The video is fuzzy and taken from afar, but Grey2 director Thal said the white spot is a live rabbit—evidence, he alleged, that the lashmates engage in live-greed training.

Over the course of an hour, their investigator filmed 15 Greyhounds using “systematic chases and five rabbits”, Gray 2K alleged in its complaint to the Colorado Racing Commission director on June 24.
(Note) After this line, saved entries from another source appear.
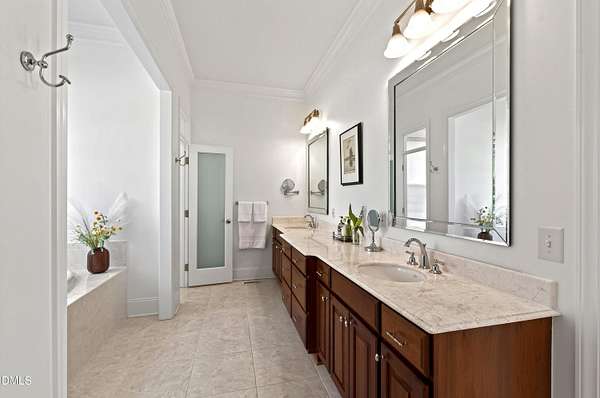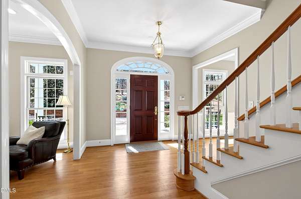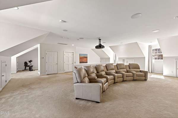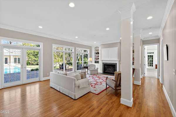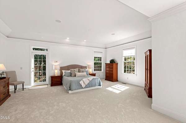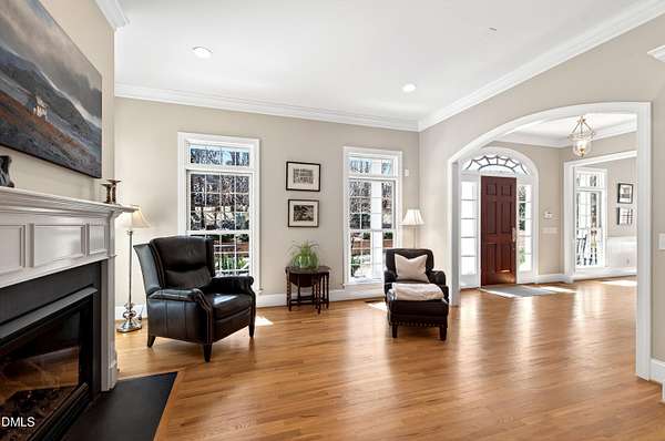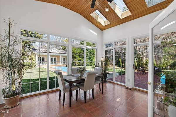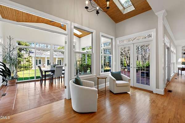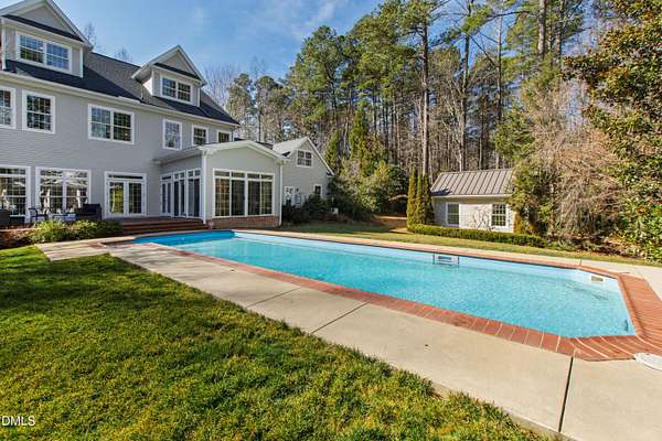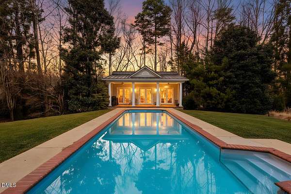 Privately positioned on over 1.6 acres within Chapel Hill's highly regarded The Reserve, and quietly tucked at the end of a peaceful cul-de-sac, this show stopping distinguished custom residence offers nearly 7,700 square feet of beautifully considered living across three refined levels, providing both privacy and a true sense of retreat and incredible curb appeal. Designed by its owners with exceptional attention to proportion, flow, and architectural detail, the home balances quiet grandeur with warmth and livability. Expansive windows invite natural light throughout, framing serene woodland views and creating a seamless dialogue between interior elegance and the surrounding landscape. The setting feels tranquil and removed, yet remains moments from the very best of Chapel Hill. The principal suite is thoughtfully situated on the main level, allowing for sophisticated first-floor living. Formal entertaining rooms are gracefully composed, while a richly appointed library offers a more intimate retreat. Every space has been curated to feel elevated, welcoming, and entirely at ease. An exceptional collection of lifestyle amenities further distinguishes the residence, including a private cinema, games room, creative studio, executive offices, whole house generator and elevator access to all floors, ensuring both everyday convenience and long-term livability. Outdoors, the estate transforms into a private resort. A stunning pool and accompanying pool house create a sanctuary reminiscent of a boutique retreat, where summer afternoons unfold effortlessly and evenings are designed for gathering beneath the Carolina sky. The cul-de-sac location enhances the sense of calm, offering a quiet and peaceful environment rarely found at this scale. Beyond the main residence, a charming guest house and separate temperature-controlled studio provide remarkable flexibility for extended family, visitors, or independent work arrangements. Immaculately presented and complete with a three-car garage, this residence exudes quiet confidence. It offers scale, privacy, resort-caliber amenities, and enduring quality in one of Chapel Hill's most established and desirable communities.
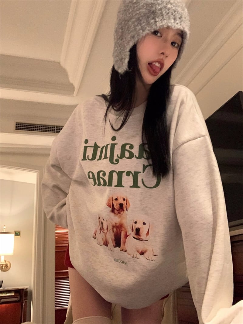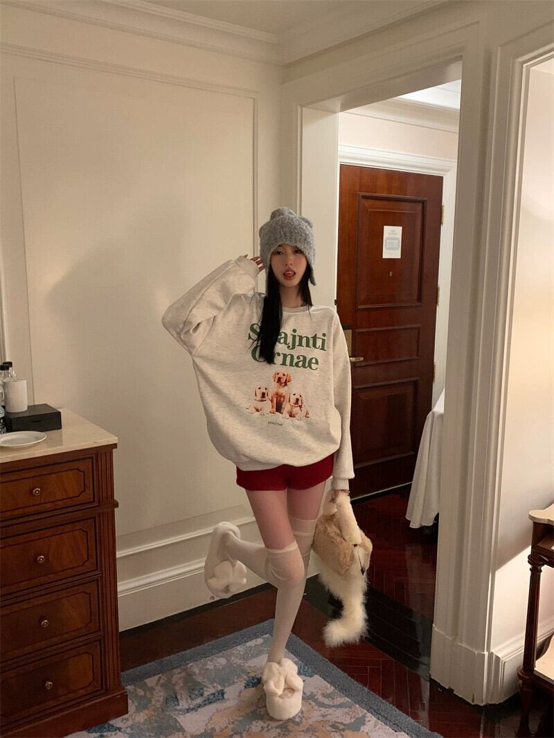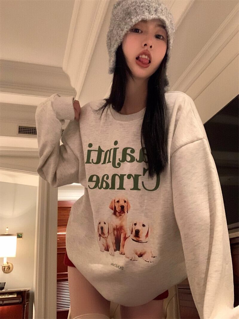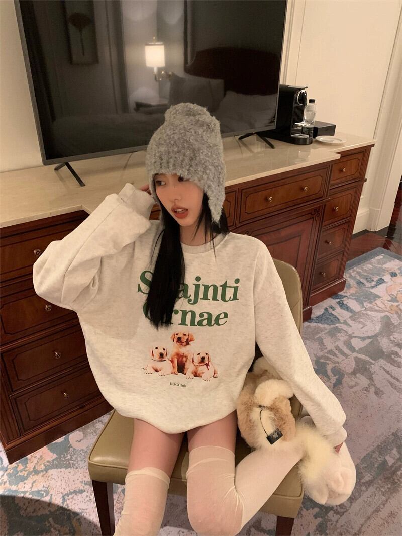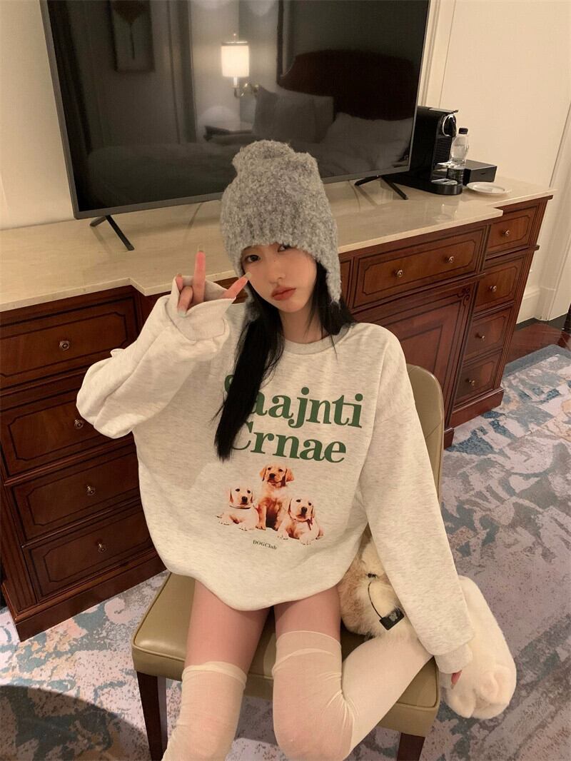 アメリカのミッドレングスのカップルスウェットシャツの女性の春と秋の 2023 新デザインルーズ怠惰なスタイルプルオーバーラウンドネックトップ スプリング 春物 オータム 秋物 Oネック 746003830429088 | framboise21
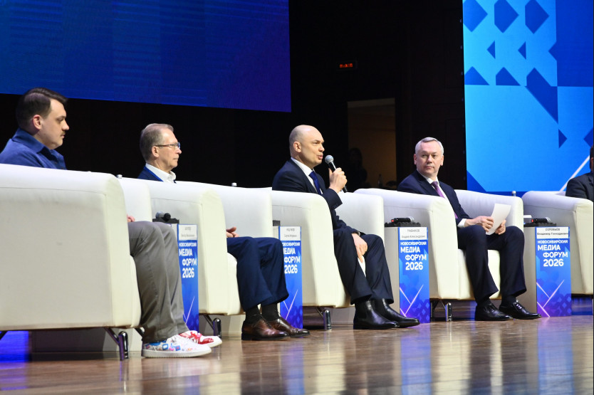 Губернатор Андрей Травников поприветствовал участников «Новосибирского медиафорума-2026». В пленарном заседании, которое открыло форум, также участвовали председатель Союза журналистов России Владимир Соловьёв, президент «Шкулёв Холдинг» Виктор Шкулёв, директор департамента по работе с органами государственной власти RUTUBE Игорь Павлов, руководитель отдела продвижения и аналитики Департамента стратегического партнёрства VK Николай Афиногенов.
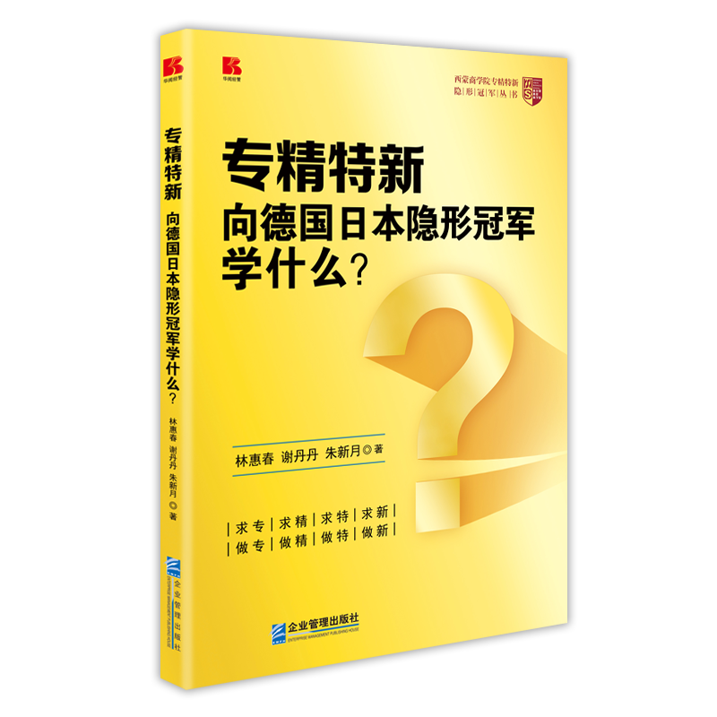 《专精特新——向德国日本隐形冠军学什么?》内容简介西蒙商学院常设院长林惠春认为,专精特新是隐形冠军的“初级阶段”,隐形冠军是专精特新的榜样、标杆、目标和方向,而隐形冠军理论正是专精...
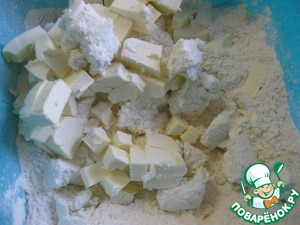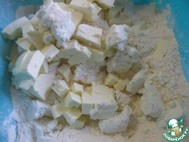 Сначала приготовим тесто, - замешивается оно примерно как песочное, в миску просеиваем муку, нарезаем кубиками масло, добавляем творог и ванильный сахар
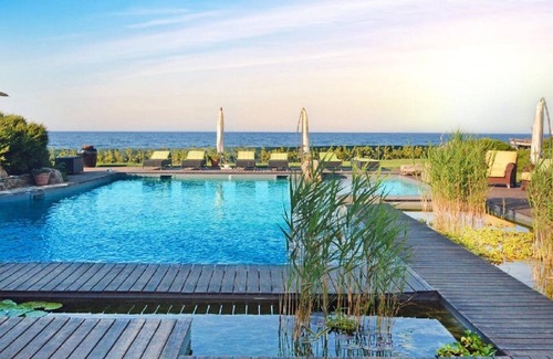 The property is completed by a 136-square-metre swimming pool with seawater and equipped with natural sea-salt sterilisation treatment, waterfall, jet for counter-current swimming, and hydromassage corner; a solarium area with teak deck and a wellness area with Finnish sauna.
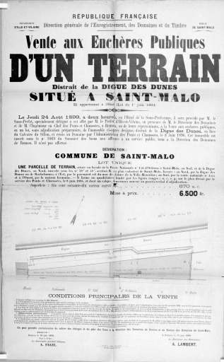 Affiche de vente aux enchères d'un terrain domanial sur la digue des Dunes, 1899.Immatriculation
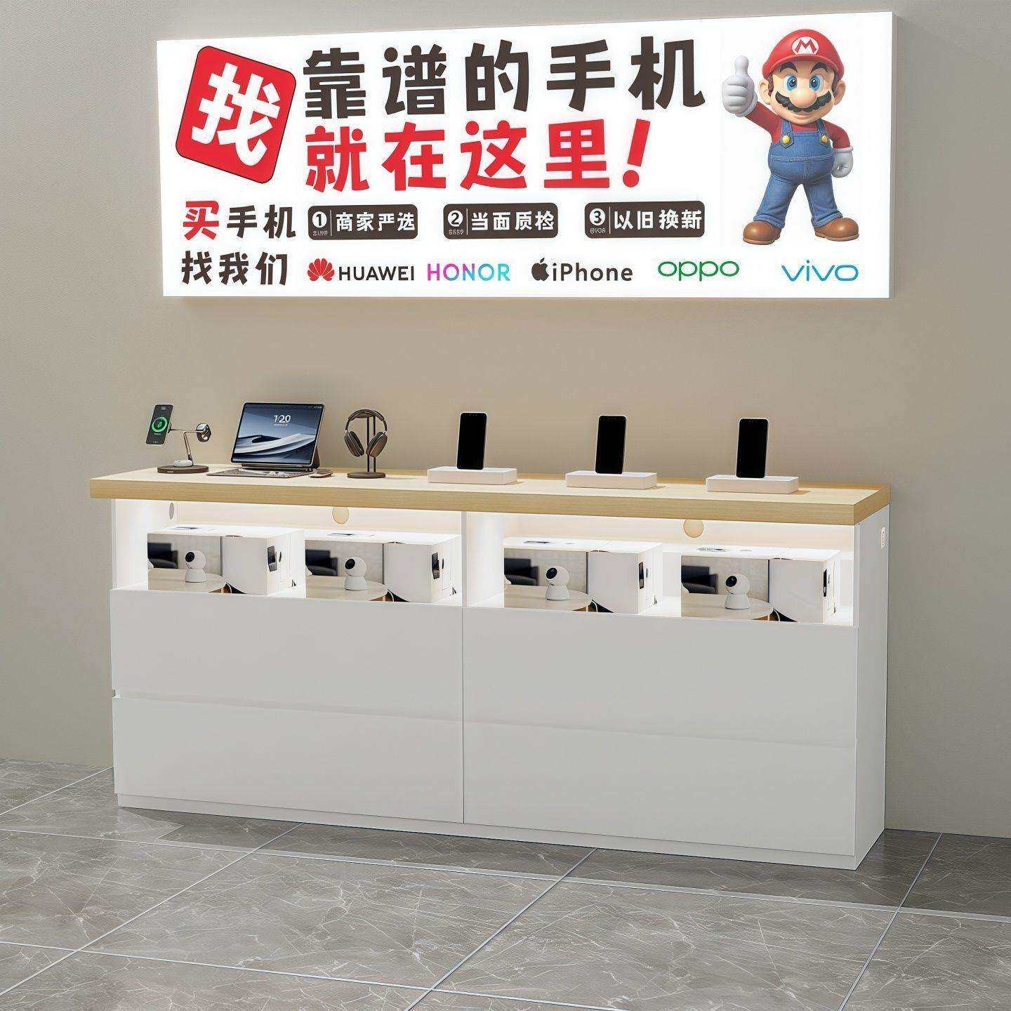 商业/办公家具 新款手机靠墙体验柜台数码电脑中岛展示台边柜智能家居家电展示柜

“It’s definitely the same behavior” as the organization has taken live lure videos in other states, Thiel said.

Live-lure training is used to entice Greyhounds to run towards their prey, which increases the dog’s instincts mechanical rabbit chase On the track during the race.

Lashmet vehemently denied the allegation, saying he does not use live rabbits. He briefly answered some of The Denver Post’s questions but chose not to comment on others.

Referring to Grey2K, Lashmet said, “No one should be allowed to attack the industry.” “It’s just another way for Grey2K to attack us.”

Sheriff’s Office spokesman Joe Moylan said Weld County Sheriff’s Office animal control officers went out to Lashmet Farm twice, but found no evidence of rabbits.

“We are not even close to a real resolution yet,” he said.

A 2019 inspection by the state’s Division of Racing Events – the last held before the pandemic – called Lashmets Kennel “Very organized and clean!” found. While the pen “looks great!”, the investigator wrote.

Grey2K argued in its complaint to the state racing agency that “the horrific activities described here violate state humanitarian laws and, given their interstate connections, also trigger a newly expanded federal statute punishing animal cruelty.”

In addition to allegations of animal cruelty, Greyhound racing officials have stated that live-lure training is a form of race fixing and is banned in most places where races take place.

The Iowa Racing and Gaming Commission wrote, “The Board considers the use of live-lure training for Greyhounds to be dishonest, undesirable, harmful and conduct that reflects negatively on the integrity and best interests of racing in the State of Iowa.” Decision of 1st September 2020. “Additionally, the Board considers the use of live-lure training to train a Greyhound to be the conduct of a person who is not of good standing and moral character.”

The future of greyhound racing

Over the past year and a half, Grey2K has documented several examples of live-lure training in other states.

Iowa Gaming Officials in August 2020 racing license suspended The organization captured video Greyhounds after two Greyhound owners killed the live rabbits.

In Oklahoma, Grey2K investigators filmed 45 greyhounds the killing Dozens of jackfruits.